Materials provided -
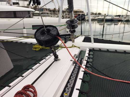 Todas las maniobras se realizan desde el puesto de gobierno. Esto es esencial para una pareja. Reducir los movimientos en cubierta aumenta la seguridad, especialmente de noche o con mar gruesa.
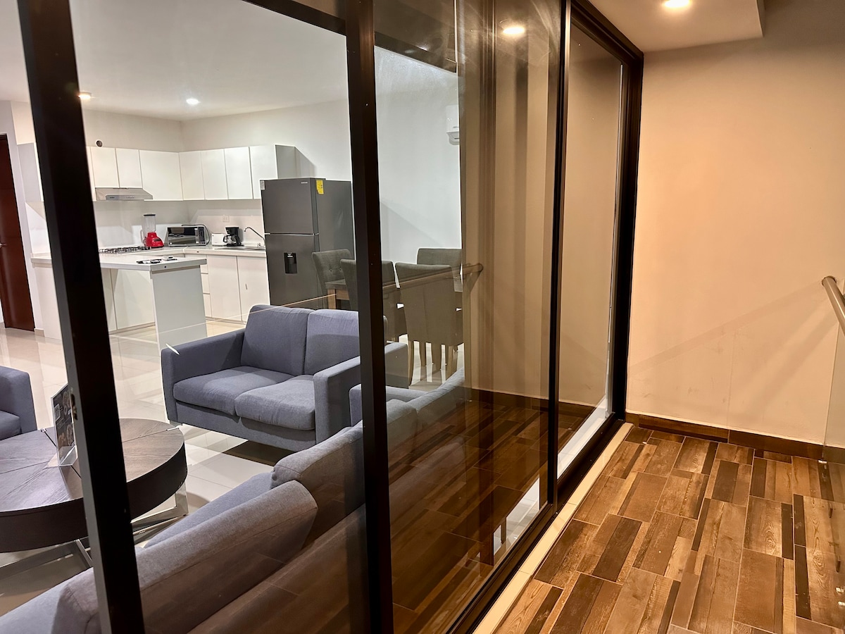 Amplio departamento fresco y bien ventilado aun en tiempo de calor, completamente amueblado para una estancia confortable y segura, aún en estancias largas, ideal para grupos de trabajo, facturamos tu estancia Es una privada donde vivimos solo familias y la zona es muysegura y tranquila, se ubica a 3 cuadras del paseo del angel (zona de restaurantes y bares), a donde pueden llegar caminando. Esta cerca de cualquier centro de negocios, estadios, teatros, la catedral, comercios, hospitale
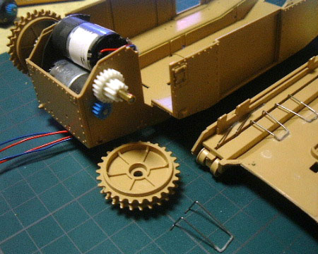 | タカダさんが2台作る間に、B1の駆動系とサスがやっとかたちになりました。 サスは、ピアノ線で1輪ずつ溝を彫ってL字の先端を転輪に当てましたが、予想通りストロークは1mm。シャフトギアードモーターでスケールスピード時速10Km程度と、模型も製作ペースも実車以上のスローモデリングです。しかし全然飽きない! この戦車の不思議な魅力は、悪役1号ばりのリベットだらけのノスタルジーなボディーが、現実に重戦車として活躍したところのギャップにあると思います。タミヤの車種選定・可動履帯は素晴らしい!今夜はWCフランス戦観がてら、フランスワイン飲みがてら、フランスタンク作りを楽しもうと思います。 2006/07/01(Sat) 23:32投稿 |
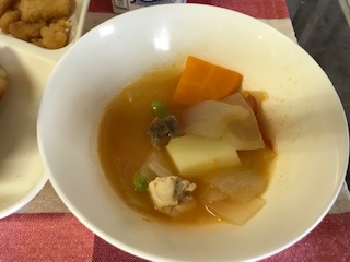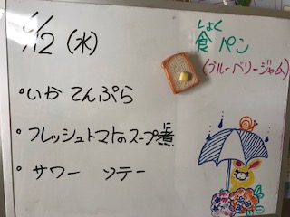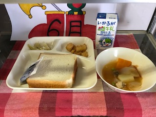 今日のメニューは、トマトのスープ煮です。トマトピューレは使わず、トマトの皮を朝から調理員がむいて、手作りのペーストで調理されています。あっさりとした中に、トマトの自然な香りが漂い、優しい味になっています。イカのフライ、ころもがサクサクしてスナック感覚で、子ども達に大人気でした。
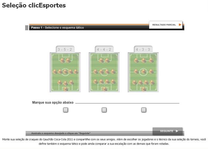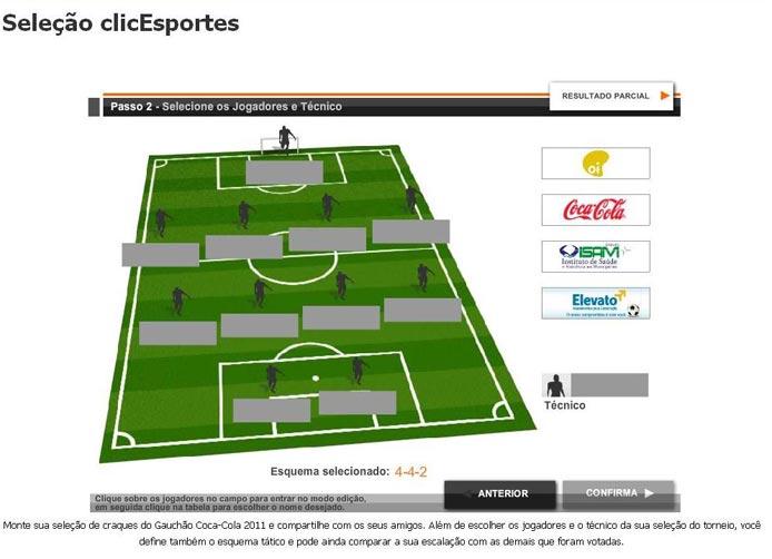 O Gauchão 2011 começou neste final de semana, e os internautas do clicEsportes já estão convocados a escalarem a seleção dos melhores jogadores do Estadual. Basta acessar este endereço e você poderá montar uma equipe no esquema tático de sua preferência, com todos os jogadores e treinadores do certame à sua disposição.
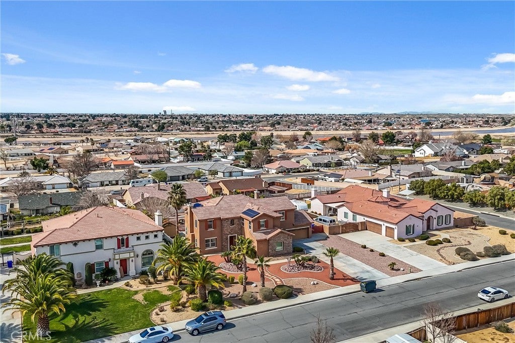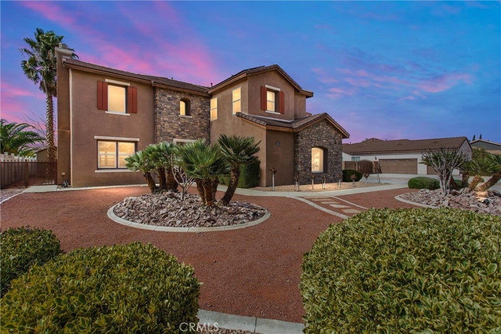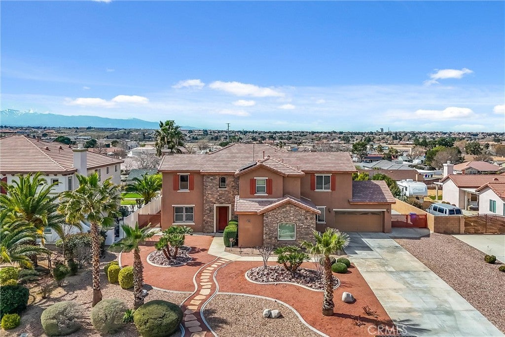 Experience the ultimate in high-desert luxury with this stunning 5-bedroom, 4-bathroom estate, where panoramic views meet unparalleled craftsmanship. This Apple Valley gem welcomes you with rich hardwood flooring and elegant granite countertops throughout. The expansive floor plan is designed for modern living, featuring a convenient main-floor bedroom and an upstairs layout that is nothing short of spectacular. The primary master suite is a true sanctuary, spanning the entire length of the home with his-and-her walk-in closets, while a newly added second mini-master upstairs ensures comfort and privacy for guests or family. Every additional bedroom on the second level also features its own walk-in closet, providing ample storage for everyone. The exterior of this property is a private oasis designed for both relaxation and grand-scale entertaining. Crowned with an advanced solar infrastructure, the home maintains a climate of absolute comfort even on the brightest days, marrying architectural elegance with a commitment to renewable sophistication.. Step out onto the brand-new, fully lit patio cover that leads to a beautifully landscaped yard, complete with a soothing waterfall feature and a cozy fire pit perfect for crisp evenings. As the sun sets, the property transforms into a resort-style retreat with decorative night lights illuminating the entire perimeter. For the hobbyist or organized homeowner, the backyard includes a dedicated shed fully equipped with lights, while the massive 4-car garage and spacious RV parking provide plenty of room for all your vehicles and toys. Located just minutes from the equestrian center, local parks, premier shopping, and dining, this home offers the perfect balance of peaceful seclusion and community convenience.
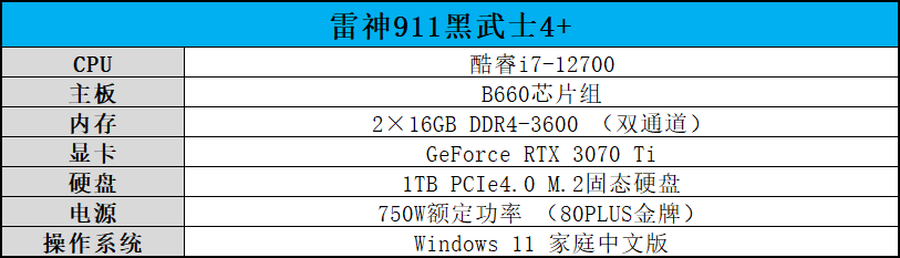 酷睿i7-12700处理器(8+4核)、GeForce RTX 3070 Ti显卡、2×16GB DDR4-3600MHz内存、1TB PCIe4.0固态硬盘,这就是笔者手中这款雷神911黑武士4+的主要配置。怎么样,是不是很强!
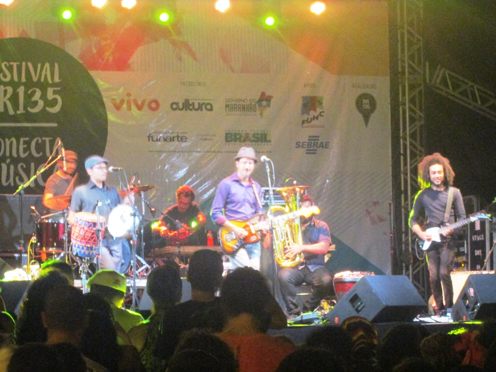 Que Curumin sabe o que fazer no palco, o show dele ontem (11), na programação do Festival BR135, sua primeira vez em São Luís, não deixou a menor dúvida. Pilotando bateria e samples, trajando calça vermelha, chapéu e uma camisa quase nas cores do Sampaio Corrêa (o laranja predominava, em vez do vermelho), o artista estava escoltado pelos Aipins José Nigro (contrabaixo e samples) e Lucas Martins (guitarra e samples), “uma banda que tá há muito tempo tocando junta”, como revelou em entrevista ao Homem de vícios antigos.
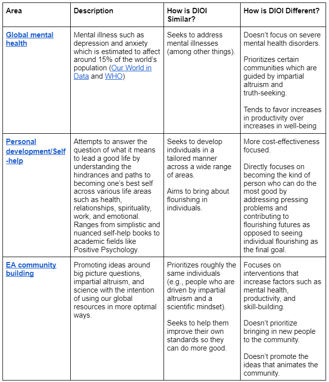 Table: A simple diagram showing the relationship between the development of impact-oriented individuals and more established areas such as mental health. You can find an interactive version of this table here.
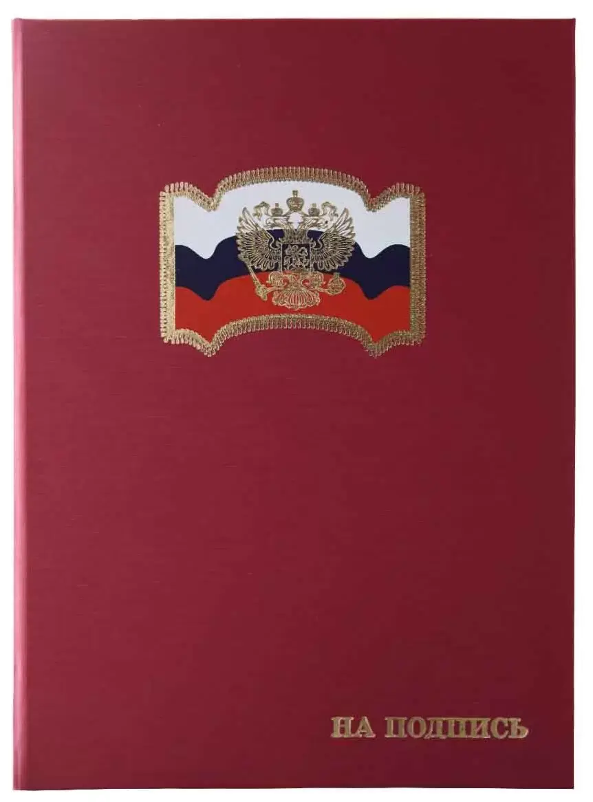 Папка адресная дизайнерские материалы "С Российским флагом и орлом" А4 (пухлая) "На подпись" шелк красный
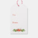 A etiqueta do presente apresenta a coroa de Natal com monograma e personalizada com o nome.

Task goal - Give back exactly the lines above that run from the one with "今日のメニューは、トマトのス" to the one with "O Gauchão 2011", including both, with the pictures left out.

Written response -
 今日のメニューは、トマトのスープ煮です。トマトピューレは使わず、トマトの皮を朝から調理員がむいて、手作りのペーストで調理されています。あっさりとした中に、トマトの自然な香りが漂い、優しい味になっています。イカのフライ、ころもがサクサクしてスナック感覚で、子ども達に大人気でした。
 O Gauchão 2011 começou neste final de semana, e os internautas do clicEsportes já estão convocados a escalarem a seleção dos melhores jogadores do Estadual. Basta acessar este endereço e você poderá montar uma equipe no esquema tático de sua preferência, com todos os jogadores e treinadores do certame à sua disposição.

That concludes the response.